In addition, from the book “Fractal Analysis of Financial Markets” you will learn about the methods of the stochastic nonlinear process, as well as the nonlinear and deterministic process. This book examines the impact of such differences on user investment strategies and modeling abilities. Such abilities and strategies are closely related to the user's investment horizon and asset type. For financiers, risk managers, market technical analysts, investment strategists and, in addition, for currency speculators and individual investors who enter financial markets around the world on their own. Among such markets are Forex and the markets of our country.

How markets work based on the book “Fractal Analysis of Financial Markets”

When the time comes to look at the workings of markets more holistically, it will be necessary to recognize the greater heterogeneity that underlies such markets. All investors do not participate here for the same reason, nor do they use their strategies on the same investment horizons. Strongly linked to the heterogeneity of investors and the stability of markets. As a rule, a mature market is quite heterogeneous. Instability would reign everywhere if all participants invested their capital for the same purpose, had the same investment horizon, and responded equally to information.

Mature markets, according to the book “Fractal Analysis of Financial Markets,” have been remarkably stable for quite a long time. A day trader can conduct anonymous trading with a pension fund. A fund trades for long-term financial security and does so infrequently, while a day trader trades frequently and aims for short-term profit.

Objectives of the book “Fractal Analysis of Financial Markets”

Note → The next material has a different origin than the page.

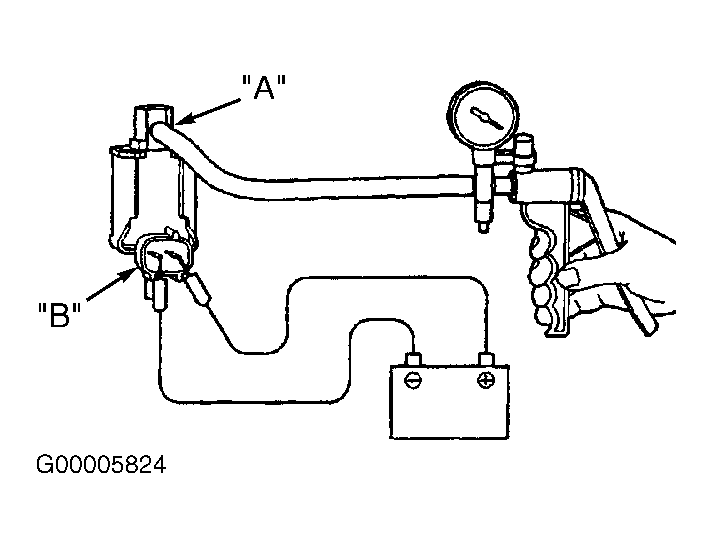 - Label and disconnect vacuum hoses from EGR solenoid. Connect hand vacuum pump to EGR solenoid port "A". See Fig 1. Apply vacuum. Vacuum should leak. Using battery voltage and ground, energize EGR solenoid. Apply vacuum. Vacuum should hold.

The first purpose of this publication is the need to present the fractal hypothesis of the market. It talks about how and why markets function. The second goal can be called the desire to present the necessary tools for analyzing markets within the boundaries of a fractal structure. Many existing tools can be used for this purpose. The author introduces the reader to new tools that analysts can add to their own toolkit. In addition, the author reviews existing tools in this volume.

The book “Fractal Analysis of Financial Markets” is not a story, despite the fact that the main emphasis is on conceptual aspects. Analytical methods within the boundaries of the conceptual framework are carefully studied. Anyone, according to the author, who has a solid knowledge of commercial statistics will find a lot of useful information in this book. The main emphasis here is not on dynamics, but on empirical statistics. In other words, on the analysis of a time series to find what each of us is dealing with. After reading this book, you will no longer be able to think in the same ways. Your vision for this area will change forever.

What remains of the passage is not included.